US bombing campaign on the Democratic Republic of Vietnam (North Vietnam) lasting from 18 to 29 December 1972 during Vietnam War.
US bombing campaign on the Democratic Republic of Vietnam (North Vietnam) lasting from 18 to 29 December 1972 during Vietnam War.
Marianne BrownKate Pound Dawson
Forty years ago last month, the United States launched the last major offensive of the Vietnam War in an effort to push the North Vietnamese government back to stalled peace talks. Those talks resumed just days after the 1972 Christmas bombings of Hanoi and Haiphong ended. Less than a month later, January 27, 1973, a peace accord was signed, ending U.S. military action in Vietnam.
But the offensive left a battered city. Vietnam says about 1,600 people died in nearly two weeks of bombing.
Nguyen Van Cau remembers returning to his home in Hanoi on December 26th, 1972, to find it in ruins.
Cau, now 81, found only half of his wife’s body in the wreckage.
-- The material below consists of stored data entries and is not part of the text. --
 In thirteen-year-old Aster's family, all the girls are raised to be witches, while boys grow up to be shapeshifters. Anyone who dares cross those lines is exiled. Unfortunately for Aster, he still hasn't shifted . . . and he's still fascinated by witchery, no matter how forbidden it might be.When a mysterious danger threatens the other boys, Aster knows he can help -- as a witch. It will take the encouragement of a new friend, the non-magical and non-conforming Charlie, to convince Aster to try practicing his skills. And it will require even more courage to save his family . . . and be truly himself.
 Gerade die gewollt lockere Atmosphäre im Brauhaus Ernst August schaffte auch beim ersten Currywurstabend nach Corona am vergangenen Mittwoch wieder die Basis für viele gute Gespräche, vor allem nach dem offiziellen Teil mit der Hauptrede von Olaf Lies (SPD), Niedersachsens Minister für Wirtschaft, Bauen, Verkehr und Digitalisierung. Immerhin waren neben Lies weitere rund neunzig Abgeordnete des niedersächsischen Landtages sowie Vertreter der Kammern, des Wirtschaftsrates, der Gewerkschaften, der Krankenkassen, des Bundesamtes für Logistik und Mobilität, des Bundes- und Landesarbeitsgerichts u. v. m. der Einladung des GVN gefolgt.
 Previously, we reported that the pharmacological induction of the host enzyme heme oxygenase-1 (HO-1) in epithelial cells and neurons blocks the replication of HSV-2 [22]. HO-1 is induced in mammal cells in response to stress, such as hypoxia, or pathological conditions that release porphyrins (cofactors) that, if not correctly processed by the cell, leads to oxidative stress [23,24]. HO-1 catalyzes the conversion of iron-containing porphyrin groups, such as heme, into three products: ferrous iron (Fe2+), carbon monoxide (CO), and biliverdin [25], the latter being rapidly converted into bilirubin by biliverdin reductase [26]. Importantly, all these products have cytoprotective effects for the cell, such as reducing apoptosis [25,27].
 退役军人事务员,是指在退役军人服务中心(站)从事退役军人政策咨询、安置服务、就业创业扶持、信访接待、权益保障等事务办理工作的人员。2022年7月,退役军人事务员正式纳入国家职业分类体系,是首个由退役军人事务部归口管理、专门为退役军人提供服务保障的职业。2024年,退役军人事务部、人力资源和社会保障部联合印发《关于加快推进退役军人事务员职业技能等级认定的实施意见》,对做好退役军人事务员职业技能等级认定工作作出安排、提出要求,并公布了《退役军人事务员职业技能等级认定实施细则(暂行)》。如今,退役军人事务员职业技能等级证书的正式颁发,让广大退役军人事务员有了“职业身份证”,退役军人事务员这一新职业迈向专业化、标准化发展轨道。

She was wearing a red pull-over. The only part of his son still intact was his leg, which Cau recognized from the scar left by an accident the previous year.
Hanoi has rebuilt since then and Vietnam now does bustling trade with the United States. But three decades of war – first with France and then the United States -- left hundreds of thousands of tons of unexploded ordnance across the country. Each year scores of people are killed or maimed when they stumble across old weapons.
Bomb clean-up effort
Over the past two decades, the United States and Vietnam have combined efforts to remove those weapons.
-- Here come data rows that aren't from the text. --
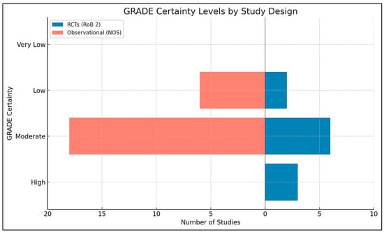 3.3.2. Quality Assessment of Observational Studies Using the Newcastle-Ottawa Scale (NOS) and Certainty of Evidence Evaluation According to GRADE Criteria
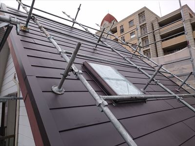 屋根カバー工事 屋根カバー工法 破風板板金巻き工事 足場 千葉県市川市
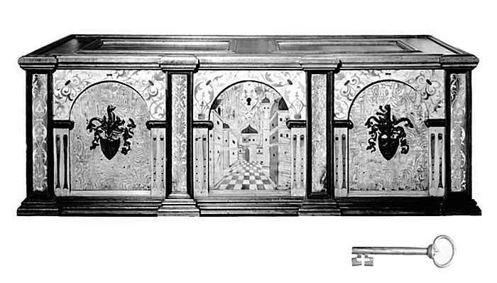 - I ek och ask med flere träslag samt med beslag af järn. Aflång, med raka former samt plant fallock. Fanerad, delvis med inläggningar samt dels polerad, dels bonad. Lock med smalt utsprång, ram och två fyllningar, hvardera fyllningen omgifven af en något utstående profilerad list. Kring ytterkanten en pålagd bred platt list med yttre kanten stafformig, den inre profilerad, därunder en utstående list med nedåt inåtfallande profiler, nedre kanten gående utanpå kistan, båda listerna å framsidan med fyra förkroppningar. Kistan å framsidan indelad i tre blindarkader, hvarje med hvalfvet uppburet af två pelare med joniska kapitäl. I mellersta arkaden synlig en del af en byggnadskomplex i ljust med mörka tak och små mörka fönster, listverk och gördelgesimser i ljust med ljusare kanter; i midten en plan, rutad i mörkt och ljust, i fonden en portbyggnad med kupoltak samt mörk port. I hvardera sidoarkaden i pålagd relief af mörkt trä mot botten i askrot ett vapen i hjärtformig sköld under hjälm med hjälmprydnad (orig.8/i): Pelarna i ljust, å hvarje i något mörkare trä två uppåtvända låtpipor (spelapipor), kapitälet i mörkt; ofvanför å hvalfven i hvartdera hörnet i mörkt mot ljus botten ett diagonalt ställdt, symmetriskt, X-liknande bladornament med groft midtband, ornamenten i midtfaltet uppväxande från en mörk bukig kruka, stående på kapitälen. Mellan fälten samt vid hvardera yttersidan en pilaster, hvarå i ljust mot mörk botten uppåtriktade symmetriska bladornament, de å de båda mellersta pilastrarna utgående från en smal stam, kring kanterna å alla pilastrarna en starkt utstående profilerad list i mörkt med inåtfallande profiler. Kortsidor hvardera med ramar och fem fyllningar, i midten en liten, liggande rektangulär, omgifven af fyra dylika större, hvarje af de senare med inre hörnet intaget för den förstnämnda; kring ramarnas inkanter en något utstående profilerad list. Nedtill kring kistan å såväl fram- som kortsidorna ett utstående listverk med för-kroppningar vid pilastrarna. Baksida af furu, ofanerad. Beslag: Å framsidan i mellersta fältet en förtent nyckelskylt, stående aflång, genombruten, med pressad ornering och konturerad kant; å kortsidorna ett förtent bågformigt handtag, i hvars midt en något utsvälld profilering, handtaget rörligt i två öglor, hvardera gående genom en rosettformig bricka samt på insidan försedd med en fyr-uddig mutter med rund bricka. Locket med bladgångjärn, liggande på lockets insida och utanpå kistan, de förra jämnbreda, med snedt utåtfallande kanter samt aftunnade utåt, hvarderas ytterända afslutad i en konturerad utvidgning; bladen blåanlöpta och fästa med skrufvar med kullriga hufvuden; de å kistan liggande bladen afsmalnande utåt från kanterna samt fasta med spikar. Mellan gångjärnsbladen å locket ett kors-formigt beslag med den bakåtriktade armens ytterända afslutad som gångjärnsbladen, å den tvärgående armens vänstra del en rektangulär låsögla. Inuti kistan å framsidan ett utanpåliggande bruneradt lås med snedkolf. Vid vänstra kortsidan en tvärgående låda (lädika) af furu, med fallock af ek, rörligt på två tappar samt med profilerad framkant. Å de å locket liggande gångjärnsbladen och å beslaget mellan dessa stämpel: Höjd: 0.68 m.; längd: 1.85 m.; bredd: 0.81 m. Nyckel (original): Af järn, med oval ögla, hvari en inskjutande spetsig flik; upptill å pipan en grof fiäns. Längd: 14 cm.; bredd: 4.5 cm. Tyskt arbete från 1600-talets förra hälft. Inköpt af Wilhelmina von Hallwyl, f. Kempe, 26 April 1888 hos antikvitetshandlaren Ed. Kahlert, n. d. kaiserl. Post, Eisenach, Tyskland, vid hennes vistelse i nämnda stad tillsammans med fröken Ida Uhse 26—28 April 1888 under deras resa till Rom och Neapel, genom södra Italien och Sicilien samt åter öfver Schweiz tillsammans med Wilhelmina von Hallwyls make, Walther von Hallwyl, hennes mor, Johanna Kempe, f. Wallis, och dottern Irma samt fröken Caroline Pflaum 28 Januari—11 Maj 1888. Förestående uppgifter lämnade med ledning af fröken Ida Uhses Reseanteckningar. Pris: Mk 90. Reparerad hos snickaren C. H. Benckert J:r, Regeringsgatan 63, Stockholm, se räkning 30 Oktober 1888. Betaldt 21 November 1888, se Rescontra (Walther von Hallwyl). Pris: Kr. 280, se räkning.
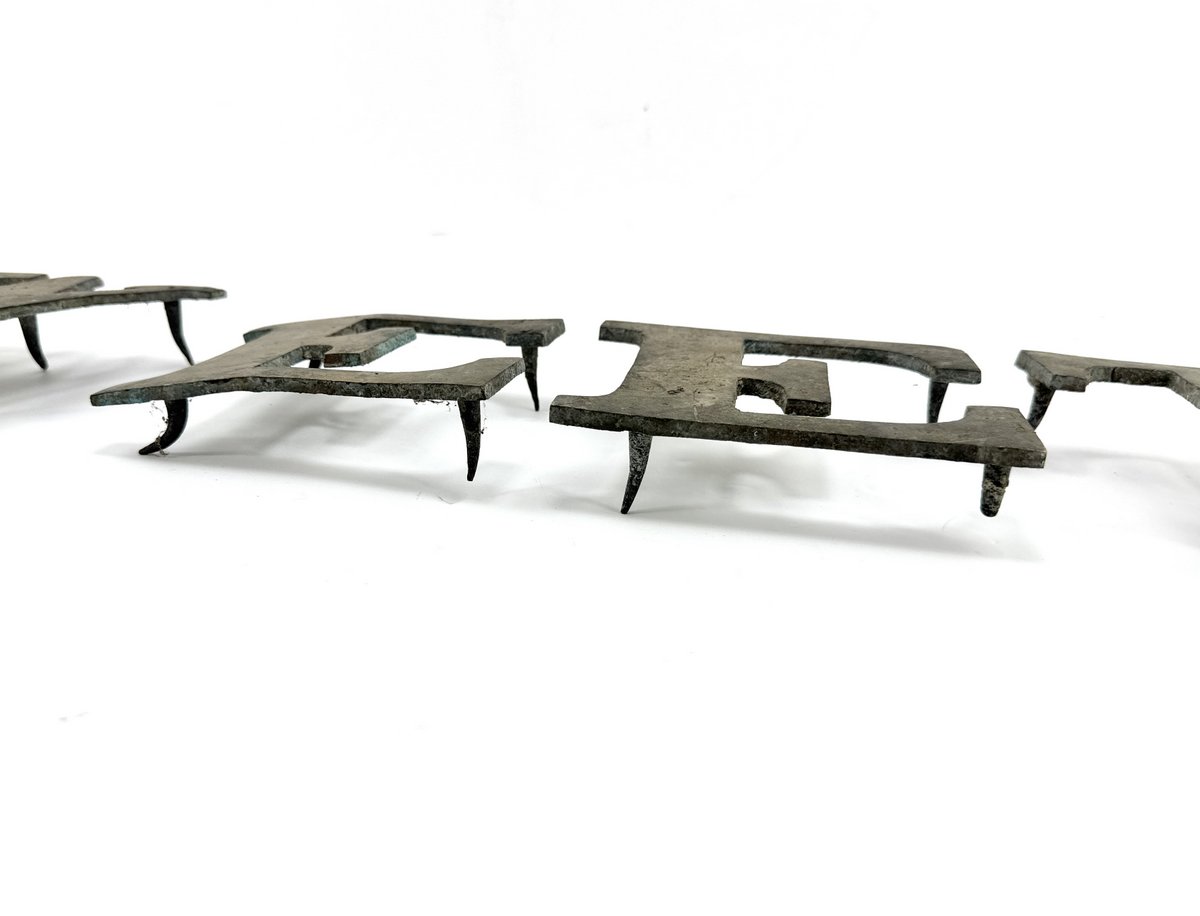 Set of solid cast bronze letters with prong backs designed to be inset into a stone building facade. Letters are 5" x 5". Circa 1920. Price is for the set.
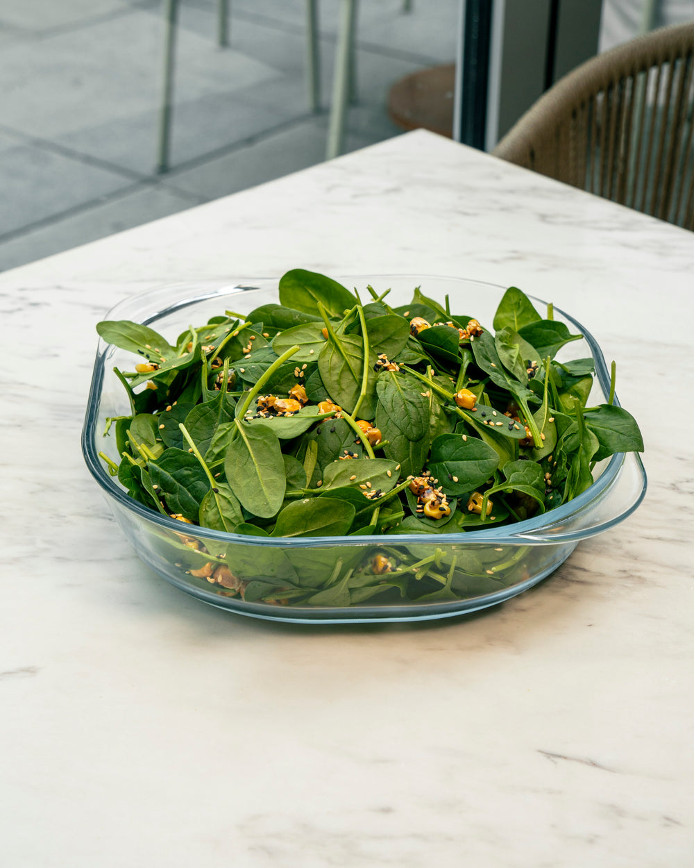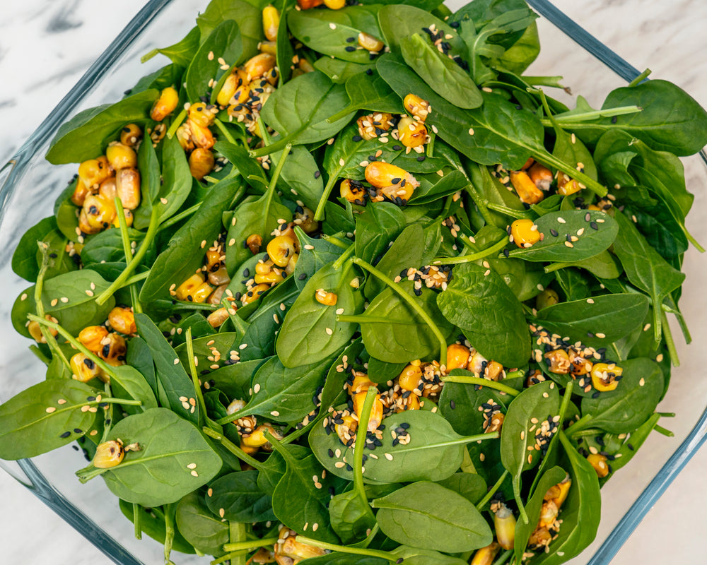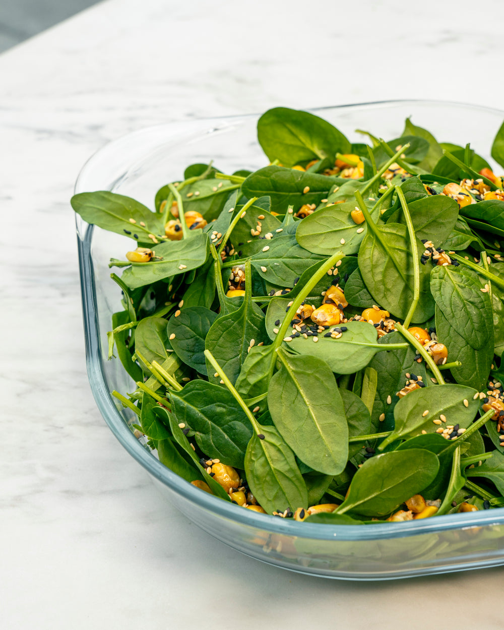 Baby spinach with grilled fresh corn and kancha crispy corn, sesame tahini dressing

Vietnam War veteran Chuck Searcy says more needs to be done to protect people.
Searcy is co-founder of Project Renew, an organization helping communities in central Vietnam manage mine clearance. He notes the Ministry of Defense has often said it will take 100 years and billions of dollars to clean up every bomb and mine.
But Searcy says that kind of thinking needs to change and efforts must include more education to help people avoid the hazards.
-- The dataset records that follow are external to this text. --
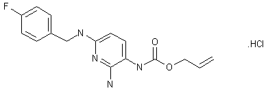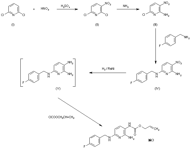 D-19050 can be obtained in a 5-step synthesis starting from 2,6-dichloropyridine (I): Compound (I) is nitrated with HNO3/H2SO4 yielding 2,6-dichloro-3-nitropyridine (II). Subsequent reaction with ammonia and 4-fluorobenzylamine leads to 2-amino-3-nitro-6-(4-fluorobenzylamino)pyridine (IV), which is hydrogenated using Raney Nickel as catalyst to the corresponding 3-amino derivative (V). This is not isolated, but reacted with (prop-1-en-3-yl)chloroformate to give D-19050.
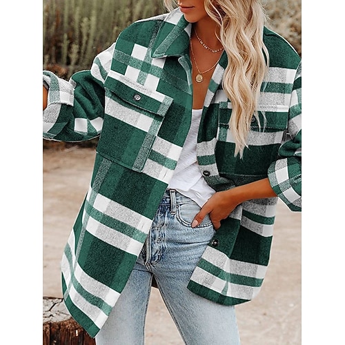 Women's Shirt Plaid Daily Stylish Basic Long Sleeve Shirt Collar Regular Tops Work Daily Holiday Buttons Black Gray Spring Fall
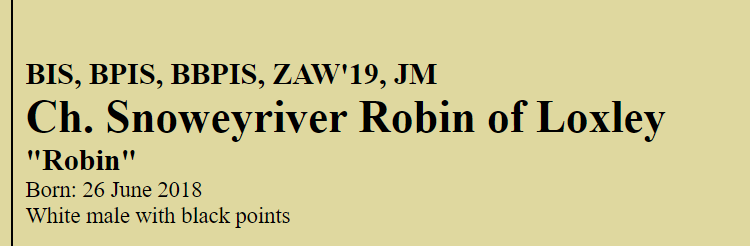 I’ve mentioned about all of the coincidences and signs that Finn is meant to be ours. This week the breeder sent me a link to a site which has a gorgeous pic of Daddy Dog Robin of Loxley who has just won another show and I saw that he was born on my Mom’s birthday! Another little sign.
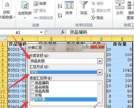 5、在对话框中选择分类字段(即分类的依据),再选择汇总方式如求和,再勾选汇总项,如库存量。最后按确定。
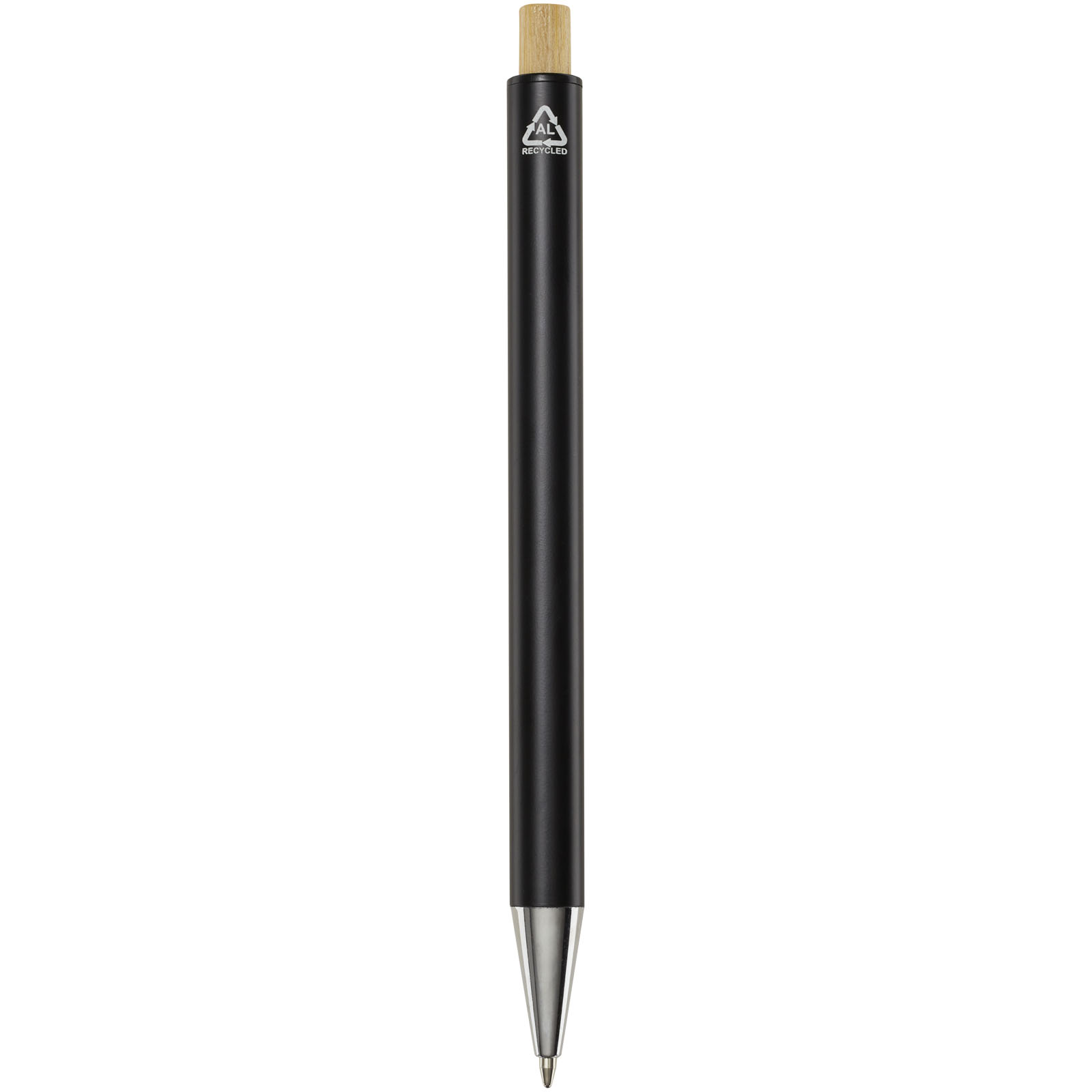 Der Cyrus Kugelschreiber ist aus recyceltem Aluminium hergestellt, was weniger Energie benötigt als die Herstellung von Aluminium aus Rohstoffen. Es reduziert außerdem die Abfallmenge auf Mülldeponien und trägt dazu bei, natürliche Ressourcen zu schonen und Treibhausgasemissionen zu reduzieren. Druckknopf ist aus Bambus gefertigt. Tintenfarbe: Schwarz. Schreiblänge: 800 Meter. Spitzengröße: 1,00 mm.

“It won’t take 100 years, it won’t take a thousand years because it will never be done and it does not need to be done,” Searcy said. “The items that are really dangerous can be better managed, and the response required to deal with those, (and) that combined with teaching the children and the adults how to be safe and how to report this ordnance when it’s found.”
Aid agencies in Vietnam estimate that since the war ended, 100,000 people have been injured or killed by old bombs. In December, four children died in Vinh Long province, in southern Vietnam, when an old mortar shell exploded.
Over $80 million spent so far

Since 1989, the U.S. government has spent more than $80 million to remove unexploded ordnance in Vietnam and help its victims. Most of the money pays for work by groups like Project Renew and the Mines Advisory Group.
Project Renew operates in Quang Tri province, the most heavily bombed area during the war. Searcy says more than 80 percent of the province is still littered with unexploded ordnance, compared with 20 percent of rest of the country.
'"Before we started our project there did seem to be sort of sad acceptance of the probability that people would continue to be killed and injured by bombs and mines. It was just a fact of life,” he said.
“But over the years as we’ve promoted the public education, mine awareness program, and taught the children and the adults that there are ways they can be safe and they can avoid accidents and injuries and death."
Since the start of Project Renew almost 12 years ago, the number of accidents in the area has dropped to about 10 a year, from around 50.
Searcy says the projects work with existing Vietnamese institutions like the Women’s Union, Youth Union and health services.  It also cooperates with the military so it can easily go into other provinces to help out. At the moment, only a few provinces have the capacity to deal with unexploded ordnance.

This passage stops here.